[Data records]
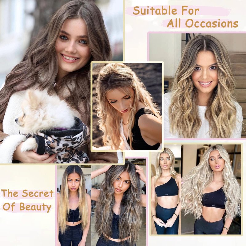 NEW Fashion Invisible Wire Hair Extensions -- More Comfortable & Natural & Lighter! -- Make you the Brightest Star ! Specifications 1. Name: Halo hair extensions, Invisible Wire Hair Extensions 2. Material: 100% high quality temperature resistant fiber 3. Length: 20 inches, 4. Color: Brown mix Blonde Hair Extensions 5. Comfortable and Secure:It has 2 diffrent length invisible wire and 4 clips.Two sizes of invisible wire with multiple adjustable sizes can perfectly fit whatever head circumference. At the same time, four clips make it more firmly connected, so that you can wear the hair extension without worries. 6. Beauty Uses: Parties, bars, activities, festivals, celebrations, They can be styled to create different looks just like your own hair , show off your beauty on different occasions. Hair extensions care: You can add conditioner and water to the bottle and spray it in the secret hairpiece.Then comb it with your fingers or wide-toothed.This makes the synthetic hairpieces look less dry and reduce hair loss and tangle.And please wash your long wavy secret hair extensions with warm water.The best way is to wrap the invisible secret extensions in a towel to absorb water and then dry it naturally.
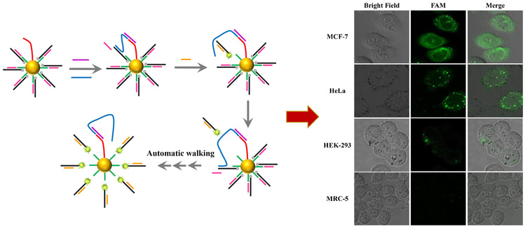 图片说明:DNA纳米机器的工作原理示意图和细胞内特异性miRNA激光共焦显微镜图像
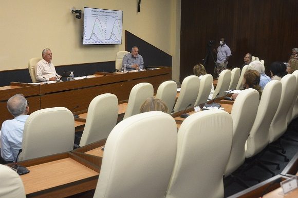 La reunión, que analiza sistemáticamente el comportamiento de un grupo de sectores y actividades vinculados de forma directa a la vida cotidiana de la población, también evaluó la epidemia de la covid-19, cuyos indicadores continúan yendo hacia una baja sostenida, muestra del control que ha logrado Cuba en el enfrentamiento a la enfermedad y la transmisión del virus.
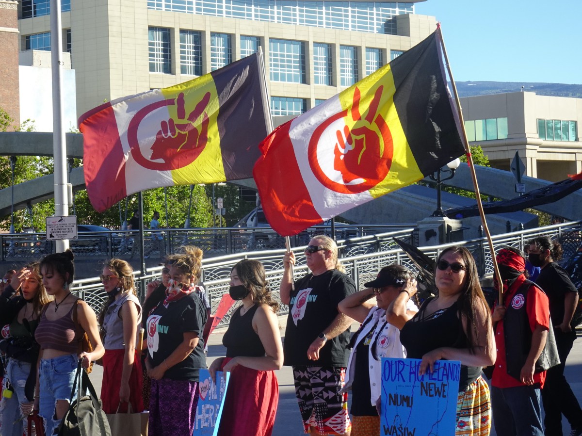 June 12, 2021, Hundreds of protesters gather at Believe Plaza, Reno, Nevada, for the Protect Peehee Mu’huh / Thacker Pass from the proposed Lithium Americas Thacker Pass open pit lithium project. The American Indian Movement, AIM, a group with goals of full restoration of tribal sovereignty by confrontation politics and AntiFash Reno, an Antifa linked organization, also supported the protest. Photo source: Our Town Reno.
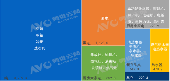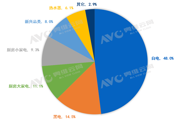 根据2022年奥维云网(AVC)推总数据显示,在中国家电零售市场中,以冰洗空为主的白色家电占比最高,白色家电销售额为3709.3亿元,市场占比48.0%;其次是黑电为主体消费电子产品(不含手机数码产品,包含智能投影等IOT产品)规模为1123.0亿元,占比14.5%;此外,厨房大家电也已经成长为行业的重要品类之一,2022年零售市场规模为859.8亿元,占比11.1%;而厨房小家电规模为720.9亿元,占比9.3%;热水器规模470.2亿元,占比6.1%。
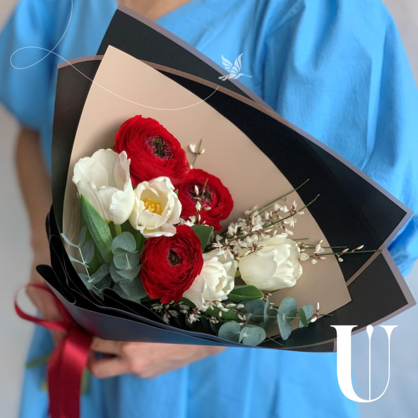Нежнейший ароматный букет из 5 белых лилий в лаконичной белой упаковке
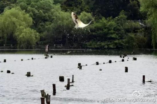 西湖“鱼跃龙门”奇景:大白鲢一蹦三尺高
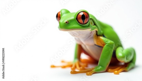 Fototapeta premium Green tree frog, vibrant skin, white background, studio shot, white...
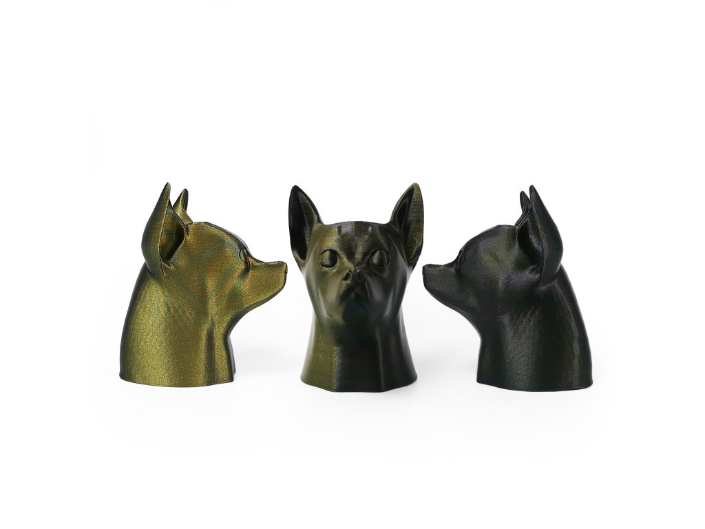 Filament má v řezu dvě barvy. Vytisknutý objekt má na jedné polovině jednu barvu a na druhé polovině druhou barvu.
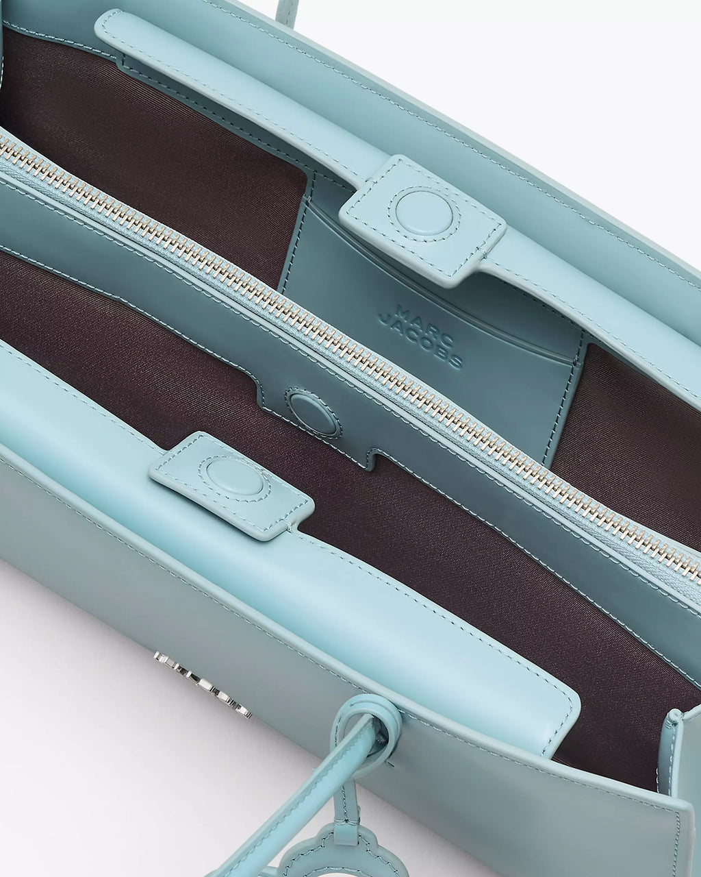 Crafted in high-shine Spazzolato leather, The Glam Mirror Satchel balances youthful energy with evening sophistication. Its sculptural east–west silhouette is sleek, minimal and features stacked metal logo branding, refined leather shoulder straps and discreet magnetic closures. Two compartments, a central zip pocket and internal and external card slots, offer effortless organization. A fixed daisy mirror charm adds playful Marc Jacobs detailing - perfect for touch-ups on the go.
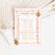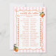 Introducing our enchanting Spritz themed 'Would she rather' game card, designed to make your special day even more memorable. This design features an orange hand-drawn doodle frame on a soft pink striped background. Adorning the frame are watercolor oranges, as well a hand drawn, whimsical orange slice, adding a touch of playful elegance to the design. The handwritten font beautifully complements the artistic frame, creating a cohesive and charming look that will captivate your guests from the moment they see it.
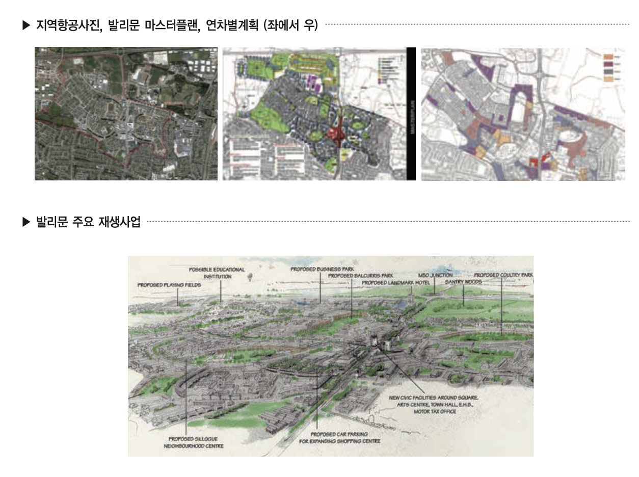 - 초기의 발리문은 산업화된 현대 아일랜드의 대표지역이었지만, 정부의 제도정책과 전략의 복합적인 부작용으로 급속한 슬럼현상을 경험하고 1997년 이후 재생사업을 공식적으로 추진했습니다.
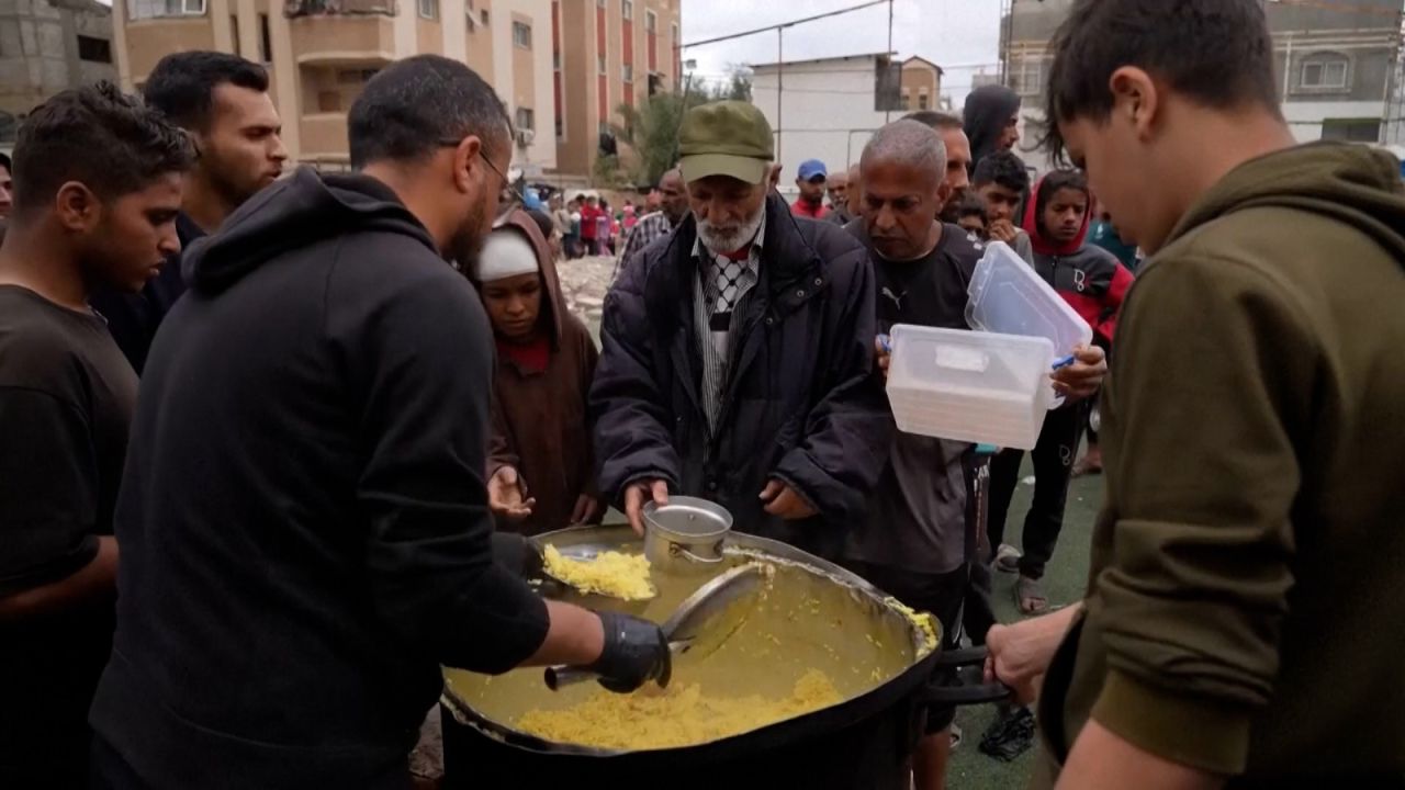 Palestinienii așteaptă ore întregi pentru o porție de orez gratis, în Fâșia Gaza. „Nu există mâncare, nici apă de băut”

### ACTIVITY:
What is needed is an exact copy of every record above, minus the images.

### RESULT OF THE TASK:
 NEW Fashion Invisible Wire Hair Extensions -- More Comfortable & Natural & Lighter! -- Make you the Brightest Star ! Specifications 1. Name: Halo hair extensions, Invisible Wire Hair Extensions 2. Material: 100% high quality temperature resistant fiber 3. Length: 20 inches, 4. Color: Brown mix Blonde Hair Extensions 5. Comfortable and Secure:It has 2 diffrent length invisible wire and 4 clips.Two sizes of invisible wire with multiple adjustable sizes can perfectly fit whatever head circumference. At the same time, four clips make it more firmly connected, so that you can wear the hair extension without worries. 6. Beauty Uses: Parties, bars, activities, festivals, celebrations, They can be styled to create different looks just like your own hair , show off your beauty on different occasions. Hair extensions care: You can add conditioner and water to the bottle and spray it in the secret hairpiece.Then comb it with your fingers or wide-toothed.This makes the synthetic hairpieces look less dry and reduce hair loss and tangle.And please wash your long wavy secret hair extensions with warm water.The best way is to wrap the invisible secret extensions in a towel to absorb water and then dry it naturally.
 图片说明:DNA纳米机器的工作原理示意图和细胞内特异性miRNA激光共焦显微镜图像
 La reunión, que analiza sistemáticamente el comportamiento de un grupo de sectores y actividades vinculados de forma directa a la vida cotidiana de la población, también evaluó la epidemia de la covid-19, cuyos indicadores continúan yendo hacia una baja sostenida, muestra del control que ha logrado Cuba en el enfrentamiento a la enfermedad y la transmisión del virus.
 June 12, 2021, Hundreds of protesters gather at Believe Plaza, Reno, Nevada, for the Protect Peehee Mu’huh / Thacker Pass from the proposed Lithium Americas Thacker Pass open pit lithium project. The American Indian Movement, AIM, a group with goals of full restoration of tribal sovereignty by confrontation politics and AntiFash Reno, an Antifa linked organization, also supported the protest. Photo source: Our Town Reno.
 根据2022年奥维云网(AVC)推总数据显示,在中国家电零售市场中,以冰洗空为主的白色家电占比最高,白色家电销售额为3709.3亿元,市场占比48.0%;其次是黑电为主体消费电子产品(不含手机数码产品,包含智能投影等IOT产品)规模为1123.0亿元,占比14.5%;此外,厨房大家电也已经成长为行业的重要品类之一,2022年零售市场规模为859.8亿元,占比11.1%;而厨房小家电规模为720.9亿元,占比9.3%;热水器规模470.2亿元,占比6.1%。
Нежнейший ароматный букет из 5 белых лилий в лаконичной белой упаковке
 西湖“鱼跃龙门”奇景:大白鲢一蹦三尺高
 Fototapeta premium Green tree frog, vibrant skin, white background, studio shot, white...
 Filament má v řezu dvě barvy. Vytisknutý objekt má na jedné polovině jednu barvu a na druhé polovině druhou barvu.
 Crafted in high-shine Spazzolato leather, The Glam Mirror Satchel balances youthful energy with evening sophistication. Its sculptural east–west silhouette is sleek, minimal and features stacked metal logo branding, refined leather shoulder straps and discreet magnetic closures. Two compartments, a central zip pocket and internal and external card slots, offer effortless organization. A fixed daisy mirror charm adds playful Marc Jacobs detailing - perfect for touch-ups on the go.
 Introducing our enchanting Spritz themed 'Would she rather' game card, designed to make your special day even more memorable. This design features an orange hand-drawn doodle frame on a soft pink striped background. Adorning the frame are watercolor oranges, as well a hand drawn, whimsical orange slice, adding a touch of playful elegance to the design. The handwritten font beautifully complements the artistic frame, creating a cohesive and charming look that will captivate your guests from the moment they see it.
 - 초기의 발리문은 산업화된 현대 아일랜드의 대표지역이었지만, 정부의 제도정책과 전략의 복합적인 부작용으로 급속한 슬럼현상을 경험하고 1997년 이후 재생사업을 공식적으로 추진했습니다.
 Palestinienii așteaptă ore întregi pentru o porție de orez gratis, în Fâșia Gaza. „Nu există mâncare, nici apă de băut”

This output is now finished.